Everything from the line with "(A) ALP staining" down to the line with "Greenburry Leder Schreibmappe" below must be printed exactly, those two lines included. Exclude pictures.

** Records for this task **
*****
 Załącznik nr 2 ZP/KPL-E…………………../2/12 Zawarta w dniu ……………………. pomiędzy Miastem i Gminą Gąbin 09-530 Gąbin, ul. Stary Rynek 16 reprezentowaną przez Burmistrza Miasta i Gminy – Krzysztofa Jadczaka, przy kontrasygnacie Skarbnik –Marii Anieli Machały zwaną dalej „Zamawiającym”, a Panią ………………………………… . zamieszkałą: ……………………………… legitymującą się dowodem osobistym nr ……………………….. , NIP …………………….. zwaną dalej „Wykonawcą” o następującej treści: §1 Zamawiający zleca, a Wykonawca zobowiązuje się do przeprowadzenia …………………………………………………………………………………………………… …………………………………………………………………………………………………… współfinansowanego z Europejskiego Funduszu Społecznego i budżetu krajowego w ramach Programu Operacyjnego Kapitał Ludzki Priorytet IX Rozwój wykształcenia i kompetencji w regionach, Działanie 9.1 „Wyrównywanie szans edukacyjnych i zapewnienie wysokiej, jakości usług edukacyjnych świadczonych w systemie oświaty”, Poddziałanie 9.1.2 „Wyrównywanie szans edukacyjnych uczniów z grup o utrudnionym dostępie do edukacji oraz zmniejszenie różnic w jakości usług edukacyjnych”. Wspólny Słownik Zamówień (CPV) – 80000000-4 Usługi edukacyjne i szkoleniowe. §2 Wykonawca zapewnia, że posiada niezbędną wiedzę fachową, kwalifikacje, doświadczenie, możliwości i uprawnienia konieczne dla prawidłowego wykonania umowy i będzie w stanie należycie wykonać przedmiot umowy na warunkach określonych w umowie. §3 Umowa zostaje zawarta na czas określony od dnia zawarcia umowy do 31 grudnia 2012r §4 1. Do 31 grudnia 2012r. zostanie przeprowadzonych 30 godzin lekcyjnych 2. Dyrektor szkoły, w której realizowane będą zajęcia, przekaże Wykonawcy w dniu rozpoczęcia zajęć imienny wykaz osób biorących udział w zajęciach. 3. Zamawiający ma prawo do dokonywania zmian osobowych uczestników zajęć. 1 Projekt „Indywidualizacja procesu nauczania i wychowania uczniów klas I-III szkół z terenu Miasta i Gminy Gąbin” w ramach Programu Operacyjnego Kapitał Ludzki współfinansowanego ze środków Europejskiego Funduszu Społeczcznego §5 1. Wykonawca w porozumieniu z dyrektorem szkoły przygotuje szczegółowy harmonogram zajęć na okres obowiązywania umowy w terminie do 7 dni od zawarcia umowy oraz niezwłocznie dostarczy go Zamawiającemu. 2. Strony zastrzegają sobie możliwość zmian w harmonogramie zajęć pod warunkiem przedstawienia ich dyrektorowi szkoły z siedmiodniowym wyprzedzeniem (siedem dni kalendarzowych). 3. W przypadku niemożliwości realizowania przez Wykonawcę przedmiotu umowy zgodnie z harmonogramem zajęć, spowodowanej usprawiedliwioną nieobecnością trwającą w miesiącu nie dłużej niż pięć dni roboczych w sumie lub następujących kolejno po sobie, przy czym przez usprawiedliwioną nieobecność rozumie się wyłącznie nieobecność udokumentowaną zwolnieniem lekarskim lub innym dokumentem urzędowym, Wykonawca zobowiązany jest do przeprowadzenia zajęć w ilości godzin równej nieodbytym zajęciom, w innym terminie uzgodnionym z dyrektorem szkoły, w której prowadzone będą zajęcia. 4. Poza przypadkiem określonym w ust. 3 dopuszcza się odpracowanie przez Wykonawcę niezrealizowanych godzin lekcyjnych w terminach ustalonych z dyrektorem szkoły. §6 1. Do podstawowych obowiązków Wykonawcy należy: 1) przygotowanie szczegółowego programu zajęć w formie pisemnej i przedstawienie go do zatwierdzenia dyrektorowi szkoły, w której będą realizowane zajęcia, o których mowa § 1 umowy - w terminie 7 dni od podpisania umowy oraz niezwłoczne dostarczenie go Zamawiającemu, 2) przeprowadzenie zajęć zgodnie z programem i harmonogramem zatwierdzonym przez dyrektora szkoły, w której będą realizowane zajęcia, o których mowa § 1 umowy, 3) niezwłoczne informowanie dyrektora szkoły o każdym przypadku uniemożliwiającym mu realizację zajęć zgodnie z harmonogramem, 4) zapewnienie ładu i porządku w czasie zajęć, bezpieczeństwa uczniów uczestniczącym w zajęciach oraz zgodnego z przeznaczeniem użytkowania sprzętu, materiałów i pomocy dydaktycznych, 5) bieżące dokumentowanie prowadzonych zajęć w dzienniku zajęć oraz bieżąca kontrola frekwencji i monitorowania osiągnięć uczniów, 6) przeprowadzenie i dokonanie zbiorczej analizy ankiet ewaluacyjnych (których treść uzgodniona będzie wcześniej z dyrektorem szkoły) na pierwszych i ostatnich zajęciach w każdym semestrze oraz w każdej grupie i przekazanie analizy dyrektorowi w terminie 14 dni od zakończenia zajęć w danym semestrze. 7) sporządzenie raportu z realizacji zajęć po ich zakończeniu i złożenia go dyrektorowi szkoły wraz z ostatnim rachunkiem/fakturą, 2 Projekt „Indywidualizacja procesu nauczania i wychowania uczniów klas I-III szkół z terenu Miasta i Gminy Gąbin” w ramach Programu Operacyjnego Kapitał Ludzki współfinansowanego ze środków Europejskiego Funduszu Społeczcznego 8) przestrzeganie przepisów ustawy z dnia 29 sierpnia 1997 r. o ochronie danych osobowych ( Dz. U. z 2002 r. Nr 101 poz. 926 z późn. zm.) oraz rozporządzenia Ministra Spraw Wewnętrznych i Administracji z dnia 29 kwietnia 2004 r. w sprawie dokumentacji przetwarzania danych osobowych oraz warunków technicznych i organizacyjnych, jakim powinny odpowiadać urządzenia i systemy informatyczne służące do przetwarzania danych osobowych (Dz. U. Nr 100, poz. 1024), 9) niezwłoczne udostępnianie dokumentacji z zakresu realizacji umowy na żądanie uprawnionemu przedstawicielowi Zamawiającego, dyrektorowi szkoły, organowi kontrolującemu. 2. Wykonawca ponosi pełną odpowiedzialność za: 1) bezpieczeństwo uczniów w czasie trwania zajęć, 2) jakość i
*****
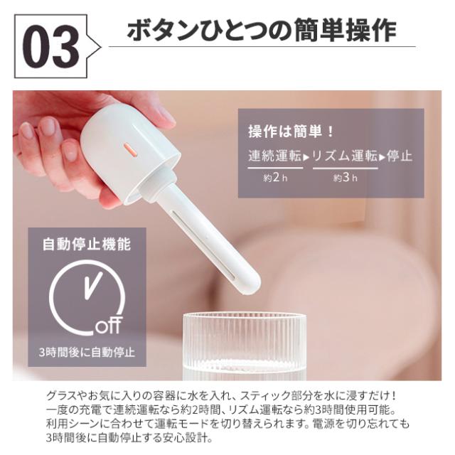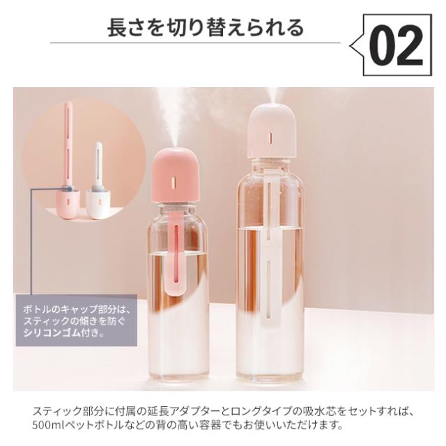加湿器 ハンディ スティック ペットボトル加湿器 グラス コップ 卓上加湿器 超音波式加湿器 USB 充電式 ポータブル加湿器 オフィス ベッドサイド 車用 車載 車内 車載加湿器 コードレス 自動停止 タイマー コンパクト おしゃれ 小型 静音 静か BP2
*****
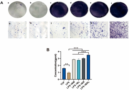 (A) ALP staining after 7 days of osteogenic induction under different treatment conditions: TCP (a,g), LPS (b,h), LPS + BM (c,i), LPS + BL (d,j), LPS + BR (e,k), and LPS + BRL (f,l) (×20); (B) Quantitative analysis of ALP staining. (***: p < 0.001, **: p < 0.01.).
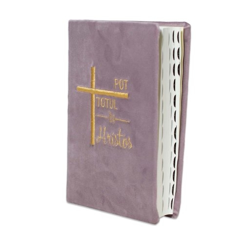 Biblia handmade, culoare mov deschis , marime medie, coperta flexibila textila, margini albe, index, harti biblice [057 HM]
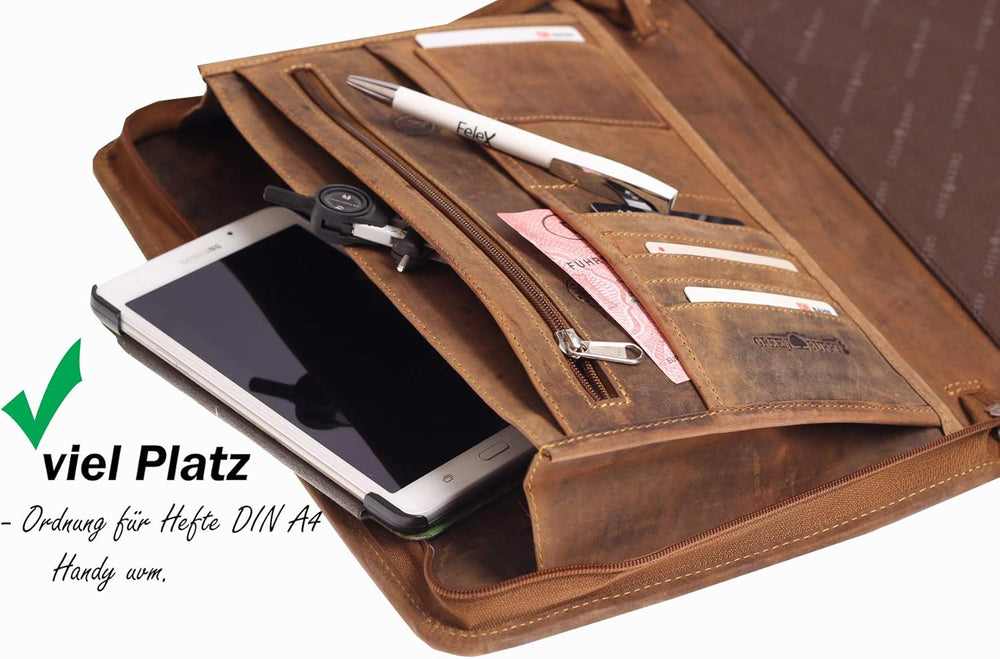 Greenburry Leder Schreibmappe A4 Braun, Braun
*****
** Answer for this exercise **
 (A) ALP staining after 7 days of osteogenic induction under different treatment conditions: TCP (a,g), LPS (b,h), LPS + BM (c,i), LPS + BL (d,j), LPS + BR (e,k), and LPS + BRL (f,l) (×20); (B) Quantitative analysis of ALP staining. (***: p < 0.001, **: p < 0.01.).
 Biblia handmade, culoare mov deschis , marime medie, coperta flexibila textila, margini albe, index, harti biblice [057 HM]
 Greenburry Leder Schreibmappe A4 Braun, Braun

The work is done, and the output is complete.